You will find a rich network of Celtic, Roman and Medieval castles, fortifications and historical sites - in fact, there are more than six hundred heritage sites in Wales. Their number and variety reflecting the nation's turbulent and fascinating history.

 

Manorbier Castle is a Norman castle located in the village of Manorbier, five miles south-west of Tenby, West Wales. The castle also represents the harsher realities of life with the Normans and the subjugation of the local Welsh populace.

 

 

 

Manorbier is a rectangular enclosure castle, curtain walls, and round and square towers. Its tower gateway was protected by a great door and portcullis as well as roof embrasures. There was no moat as the castle stands on a natural promontory facing the coast. A postern gate provided access to the beach and boats.

 

 

 

There was an outer ward that was defended by earthworks but no barbican. The main gateway to the inner ward is across a bridge and dry moat. The south-east tower is round but the north-east one is angular. The domestic range of the castle had kitchens, apartments and a Great hall that was built in the 1140s. Arrowslits were replaced by windows in the domestic range.

 

 

The Chapel, which was built around 1260, has elaborate vaulting and plaster-work. Some of the original medieval frescoes can still be seen.

 

 

The castle was originally built on land granted to Odo de Barri, a Norman knight, at the end of the 11th century.
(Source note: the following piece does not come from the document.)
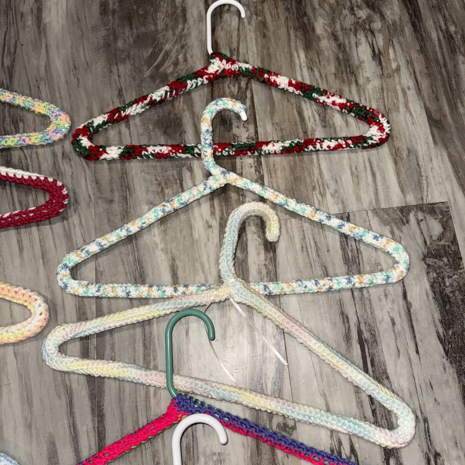 12 Vintage Retro handmade Yarn Crochet Plastic hangers Home Decor Organization

Initially he constructed a Motte-and-bailey on the site which had a wooden keep defended by a palisade and earthworks embankments. But it was Odo's son, William de Barri, who began work on the stone fortification in the early part of the 12th century. 

 

In 1146 Gerald of Wales, the great twelfth century scholar known as Geraldus Cambrensis was born at the castle. As the fourth son of William de Barri, he was related on his mothers's side, to the legendary Welsh princess Nest verch Rhys. Gerald wrote of his birthplace:

In all the broad lands of Wales, Manorbier is the most pleasant place by far.

In the castle's history, it was only attacked twice; both were minor skirmishes. In 1327, Richard de Barri assaulted Manorbier in a dispute over family succession. Then 300 years later during the English Civil War, the castle was seized in 1645 by Parliamentarian forces. It was then slighted to prevent further use by the Royalists.

 

 

Through the 17th and 18th centuries Manorbier was allowed to decay. However in 1880, the castle was partially restored by J.R.Cobb, a tenant who carried out repairs on the buildings and walls.

 

 

The castle is open to the public. Along with the castle, there are also gardens, dovecote and mill. 

 

The castle was used as Cair Paravel by the BBC in an adaption of The Chronicles of Narnia.
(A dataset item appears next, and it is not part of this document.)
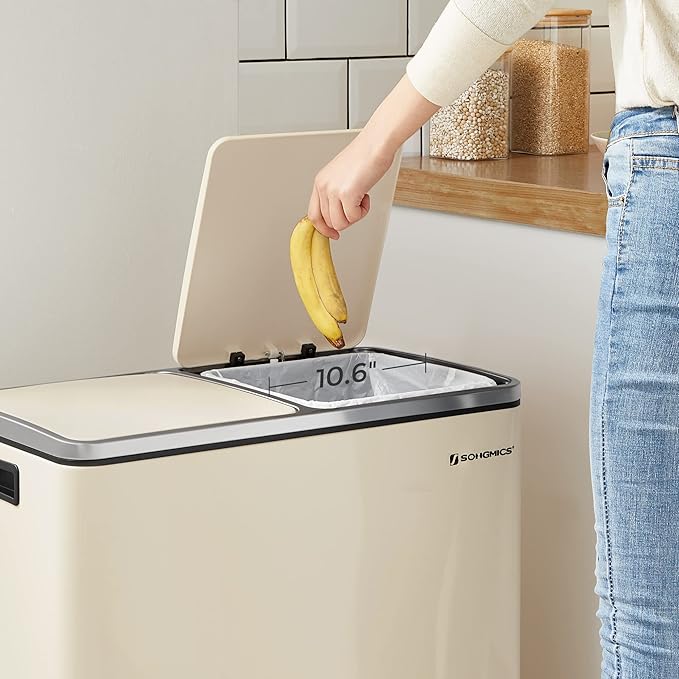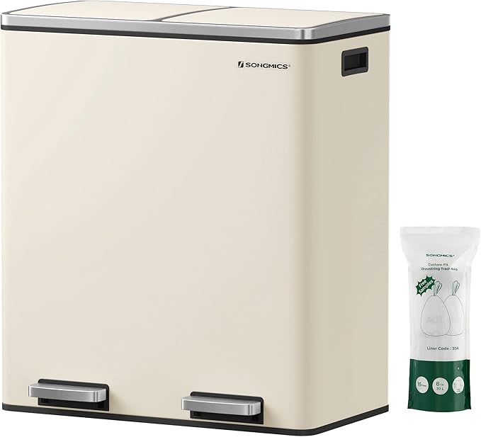 SONGMICS Trash Can, 2 x 8 Gallon (2 x 30 L) Garbage Can for Kitchen, with 15 Trash Bags, 2 Compartments, Plastic Inner Buckets and Hinged Lids, Airtight, Almond Color ULTB201A01

The 2003 film I Capture the Castle was shot entirely on location at the castle.

 

The Norman knight Odo de Barri was granted the lands of Manorbier, Penally and Begelly in gratitude for his military help in conquering Pembrokeshire after 1003. The first castle was motte and bailey style, with the stone walls added the next century by later Normans. Giraldus Cambrensis, son of William de Barri, was born in the village in 1146, calling it "the pleasantest place in Wales".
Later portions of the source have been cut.